**Recorded data**
-=-=-=-=-
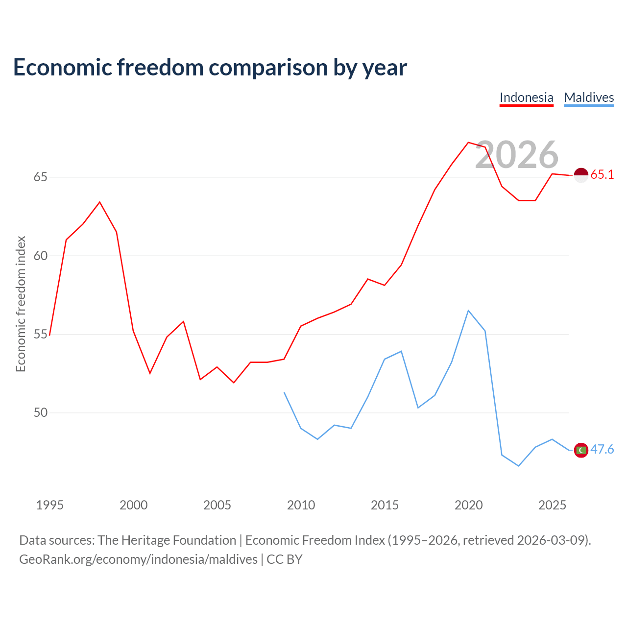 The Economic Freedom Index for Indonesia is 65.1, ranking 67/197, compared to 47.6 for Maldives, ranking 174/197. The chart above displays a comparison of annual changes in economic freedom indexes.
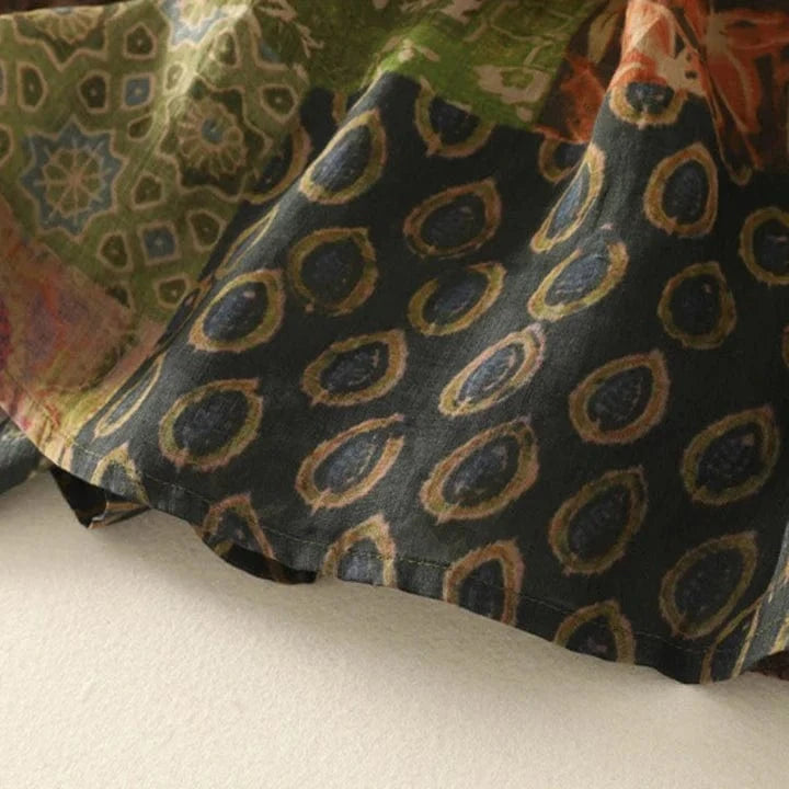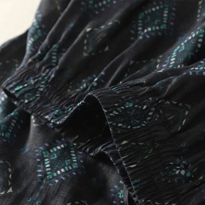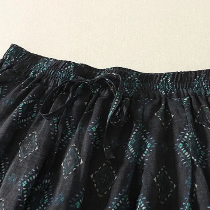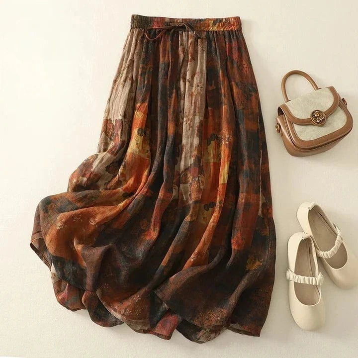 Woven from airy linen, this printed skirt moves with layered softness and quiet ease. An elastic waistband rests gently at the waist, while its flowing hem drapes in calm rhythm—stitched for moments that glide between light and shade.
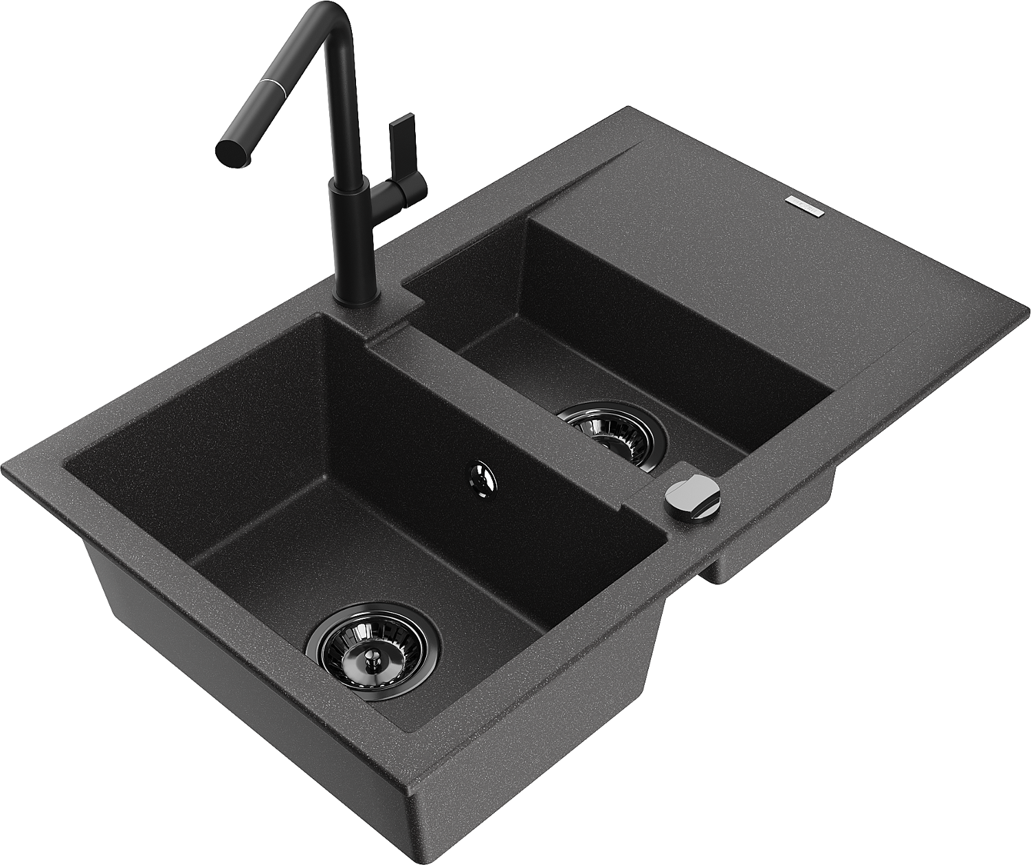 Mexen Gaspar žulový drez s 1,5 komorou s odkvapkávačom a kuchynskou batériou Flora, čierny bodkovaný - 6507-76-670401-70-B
-=-=-=-=-
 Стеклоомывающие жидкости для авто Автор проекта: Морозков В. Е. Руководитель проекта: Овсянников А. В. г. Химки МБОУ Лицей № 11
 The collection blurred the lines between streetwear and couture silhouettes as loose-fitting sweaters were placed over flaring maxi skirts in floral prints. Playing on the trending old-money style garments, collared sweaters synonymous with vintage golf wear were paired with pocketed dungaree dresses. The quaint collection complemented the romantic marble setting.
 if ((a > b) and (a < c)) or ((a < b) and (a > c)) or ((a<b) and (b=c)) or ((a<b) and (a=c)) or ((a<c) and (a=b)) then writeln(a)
-=-=-=-=-
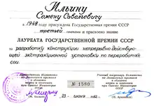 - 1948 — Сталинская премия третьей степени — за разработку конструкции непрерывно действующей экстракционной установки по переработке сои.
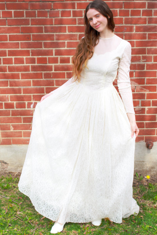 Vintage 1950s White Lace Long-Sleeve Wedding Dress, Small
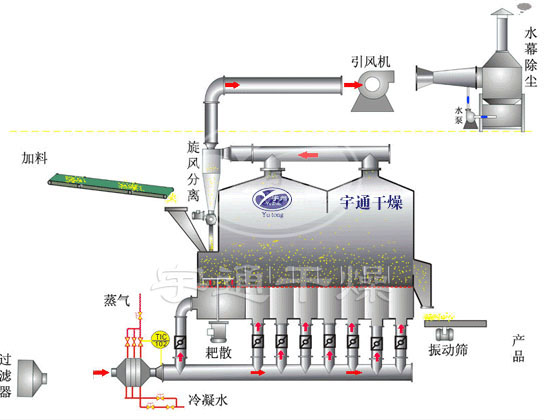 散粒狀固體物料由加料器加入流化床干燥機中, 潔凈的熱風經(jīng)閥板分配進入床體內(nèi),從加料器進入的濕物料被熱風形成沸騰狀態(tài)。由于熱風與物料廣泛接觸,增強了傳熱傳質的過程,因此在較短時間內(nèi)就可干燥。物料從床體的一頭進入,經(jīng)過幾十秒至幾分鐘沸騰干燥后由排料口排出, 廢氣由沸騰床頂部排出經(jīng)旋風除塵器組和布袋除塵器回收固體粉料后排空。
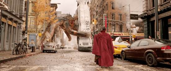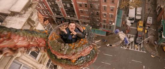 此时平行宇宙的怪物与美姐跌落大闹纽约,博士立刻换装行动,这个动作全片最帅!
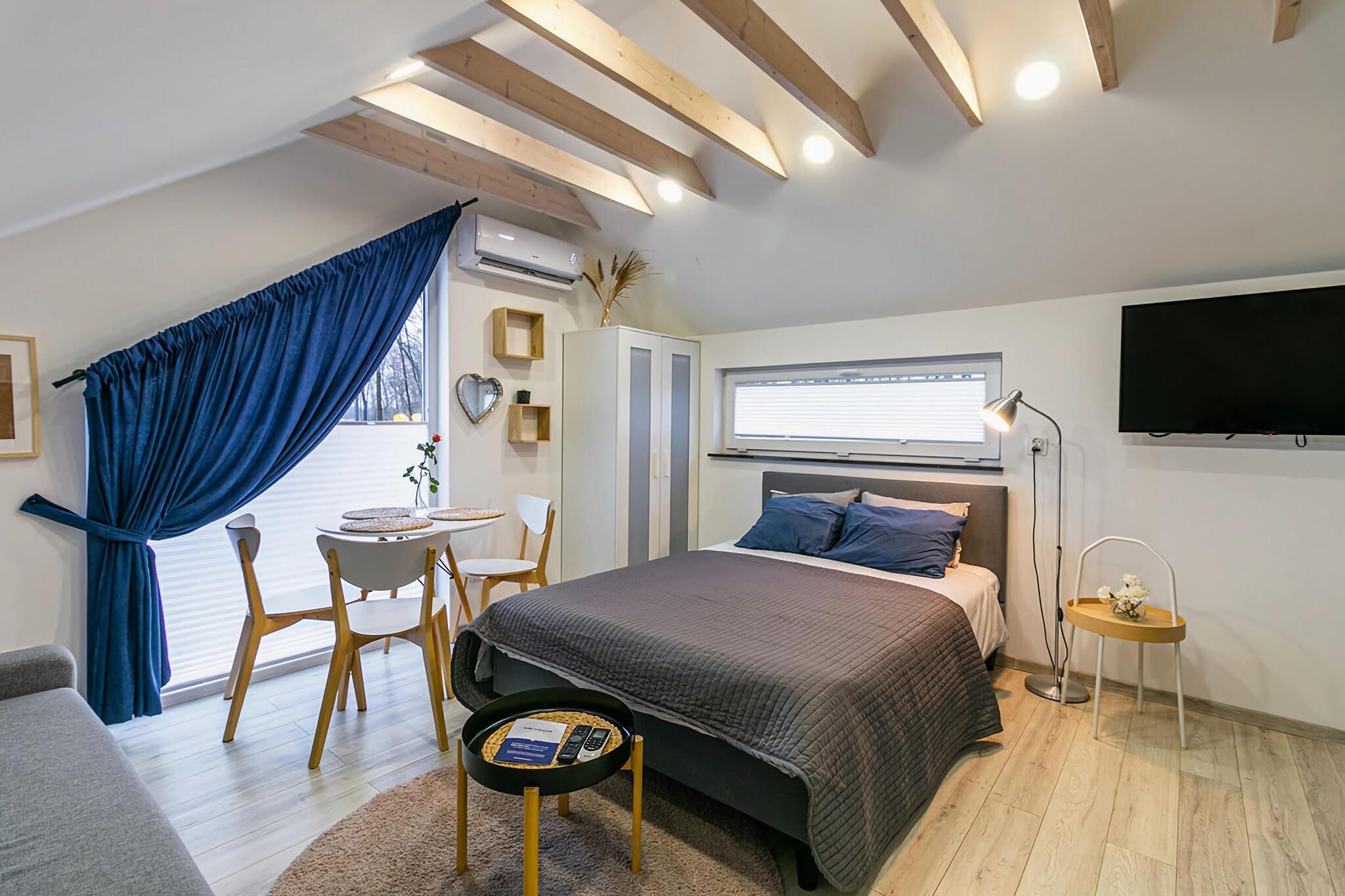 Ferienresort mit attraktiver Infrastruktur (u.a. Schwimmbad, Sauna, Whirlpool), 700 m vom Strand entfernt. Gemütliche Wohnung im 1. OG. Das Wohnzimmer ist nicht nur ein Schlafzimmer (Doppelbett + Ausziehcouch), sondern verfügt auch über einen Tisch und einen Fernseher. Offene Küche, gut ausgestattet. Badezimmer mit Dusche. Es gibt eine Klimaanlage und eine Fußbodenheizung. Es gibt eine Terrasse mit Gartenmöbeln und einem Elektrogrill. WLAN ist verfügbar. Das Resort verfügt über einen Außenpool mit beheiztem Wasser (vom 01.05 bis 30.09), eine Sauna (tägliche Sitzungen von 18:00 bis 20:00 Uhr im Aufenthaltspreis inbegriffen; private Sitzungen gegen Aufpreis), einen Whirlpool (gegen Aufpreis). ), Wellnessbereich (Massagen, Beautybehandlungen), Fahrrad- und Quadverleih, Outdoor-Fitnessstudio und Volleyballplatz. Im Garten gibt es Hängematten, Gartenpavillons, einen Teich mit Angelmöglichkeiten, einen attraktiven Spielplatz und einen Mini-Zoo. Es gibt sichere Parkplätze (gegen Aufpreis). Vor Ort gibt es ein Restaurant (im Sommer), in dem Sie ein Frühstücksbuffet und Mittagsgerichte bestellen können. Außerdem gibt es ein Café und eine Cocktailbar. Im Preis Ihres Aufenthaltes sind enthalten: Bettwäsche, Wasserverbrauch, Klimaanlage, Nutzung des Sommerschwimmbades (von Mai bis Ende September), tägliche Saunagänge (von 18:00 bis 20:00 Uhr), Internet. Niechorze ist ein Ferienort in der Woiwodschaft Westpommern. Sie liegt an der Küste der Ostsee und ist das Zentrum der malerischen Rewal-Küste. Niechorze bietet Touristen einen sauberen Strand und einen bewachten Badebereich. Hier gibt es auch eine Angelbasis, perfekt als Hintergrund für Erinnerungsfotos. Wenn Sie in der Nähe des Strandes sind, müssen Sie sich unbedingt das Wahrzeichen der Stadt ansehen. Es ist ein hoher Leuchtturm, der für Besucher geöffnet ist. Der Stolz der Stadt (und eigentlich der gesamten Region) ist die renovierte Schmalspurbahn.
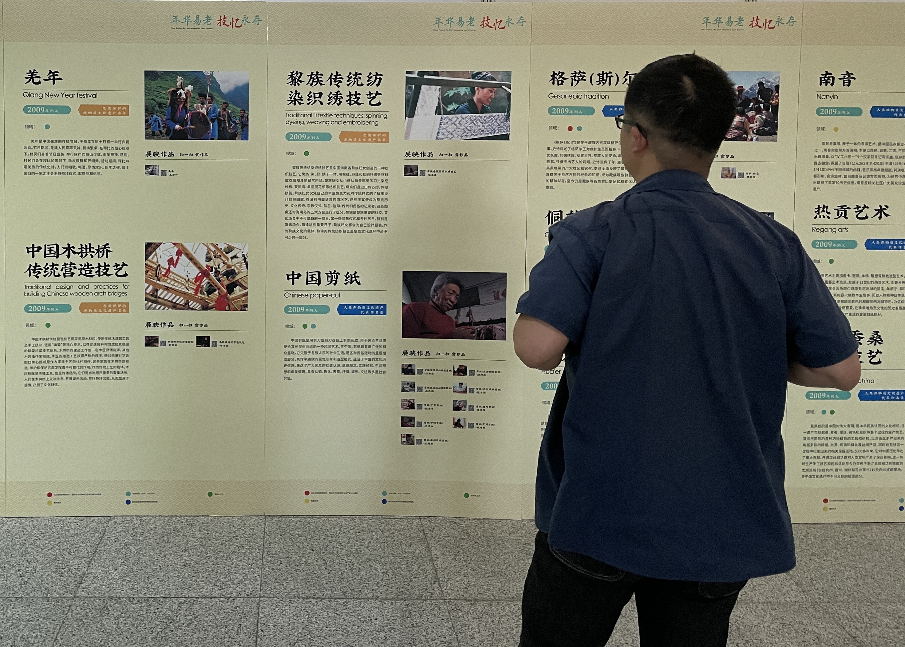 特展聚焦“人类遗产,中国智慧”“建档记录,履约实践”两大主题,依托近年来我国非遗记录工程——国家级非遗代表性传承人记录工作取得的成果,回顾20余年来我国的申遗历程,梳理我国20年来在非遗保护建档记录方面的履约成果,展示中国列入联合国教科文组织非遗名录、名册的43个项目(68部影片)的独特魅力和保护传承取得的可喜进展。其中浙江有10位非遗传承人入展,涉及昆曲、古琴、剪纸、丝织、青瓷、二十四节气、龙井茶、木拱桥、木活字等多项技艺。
-=-=-=-=-
**Work instructions**
In the data above, retype only the stretch from the line with "Vintage 1950s White" through the line with "此时平行宇宙的怪物与美姐跌落大闹纽约,博士立刻换装行动,这个动作全片最帅!", word for word, and skip any pictures.

**Answer to this problem**
 Vintage 1950s White Lace Long-Sleeve Wedding Dress, Small
 散粒狀固體物料由加料器加入流化床干燥機中, 潔凈的熱風經(jīng)閥板分配進入床體內(nèi),從加料器進入的濕物料被熱風形成沸騰狀態(tài)。由于熱風與物料廣泛接觸,增強了傳熱傳質的過程,因此在較短時間內(nèi)就可干燥。物料從床體的一頭進入,經(jīng)過幾十秒至幾分鐘沸騰干燥后由排料口排出, 廢氣由沸騰床頂部排出經(jīng)旋風除塵器組和布袋除塵器回收固體粉料后排空。
 此时平行宇宙的怪物与美姐跌落大闹纽约,博士立刻换装行动,这个动作全片最帅!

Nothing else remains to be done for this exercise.